Last year it was publicly revealed that there were 254 entities that owed CBC about $2 million. That is a small amount compared to what taxpayers pump into the corporation but it gives an indication of the ineffectiveness of those with the responsibility for the financial management of the state-owned facility. That CBC was owed thousands of dollars by entities such as the National Cultural Foundation and the two main political parties themselves, demonstrated just how the corporation was viewed by those state and political entities. It was almost natural that private entities would also treat CBC with indifference when it came to settling debts.
Politicians like the idea of having their tentacles on a television station. They defend the status quo when in Government, and promote and promise privatization when in Opposition. But the time is ripe for decisions to be made in the interests of taxpayers and especially in the interest of the Caribbean Broadcasting Corporation itself. The golden age of CBC is gone. We are no longer living in the 1960s. This is the age of technology where CBC runs the risk of becoming obsolete through their public sponsored incompetence. CBC can be a viable, private sector managed entity with a model geared towards commercial success and not simply a place to get a job.

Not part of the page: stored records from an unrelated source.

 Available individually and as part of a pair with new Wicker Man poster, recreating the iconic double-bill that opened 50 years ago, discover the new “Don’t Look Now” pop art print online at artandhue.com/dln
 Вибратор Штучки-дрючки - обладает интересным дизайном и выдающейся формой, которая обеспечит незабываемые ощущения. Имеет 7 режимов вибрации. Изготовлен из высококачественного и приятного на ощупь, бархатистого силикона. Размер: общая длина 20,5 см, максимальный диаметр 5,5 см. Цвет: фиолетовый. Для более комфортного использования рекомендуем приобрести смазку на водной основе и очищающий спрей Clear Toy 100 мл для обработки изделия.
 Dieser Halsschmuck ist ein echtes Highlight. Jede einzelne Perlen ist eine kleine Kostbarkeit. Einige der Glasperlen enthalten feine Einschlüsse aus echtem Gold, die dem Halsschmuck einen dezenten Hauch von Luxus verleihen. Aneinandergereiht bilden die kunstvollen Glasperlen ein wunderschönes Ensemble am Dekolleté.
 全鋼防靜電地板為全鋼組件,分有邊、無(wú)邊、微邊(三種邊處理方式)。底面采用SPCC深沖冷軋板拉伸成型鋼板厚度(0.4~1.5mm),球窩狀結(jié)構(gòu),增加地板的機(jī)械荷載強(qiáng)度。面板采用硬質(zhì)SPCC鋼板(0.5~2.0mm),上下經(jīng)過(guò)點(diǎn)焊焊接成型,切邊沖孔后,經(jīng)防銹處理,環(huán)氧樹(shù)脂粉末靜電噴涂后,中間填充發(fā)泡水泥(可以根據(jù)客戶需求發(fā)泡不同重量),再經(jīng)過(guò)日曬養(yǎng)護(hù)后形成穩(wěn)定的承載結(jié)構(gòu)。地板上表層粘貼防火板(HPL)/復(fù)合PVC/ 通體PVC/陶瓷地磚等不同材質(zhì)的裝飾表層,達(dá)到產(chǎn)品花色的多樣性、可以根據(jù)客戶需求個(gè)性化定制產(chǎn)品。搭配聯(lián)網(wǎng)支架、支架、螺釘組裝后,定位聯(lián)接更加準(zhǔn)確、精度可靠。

Mr Inniss suggested yesterday that pumping money into CBC would never stop under its current structure. “I think the time has come when perhaps we as a Parliament have to wrap our minds around what CBC is about and how will it be adequately financed. Unless they are able to get the financial resources to invest in the latest in technology, they are going to find themselves struggling to maintain followings,” he noted.
And after yesterday’s umpteenth bailout, we wait with bated breath for the next supplementary for CBC.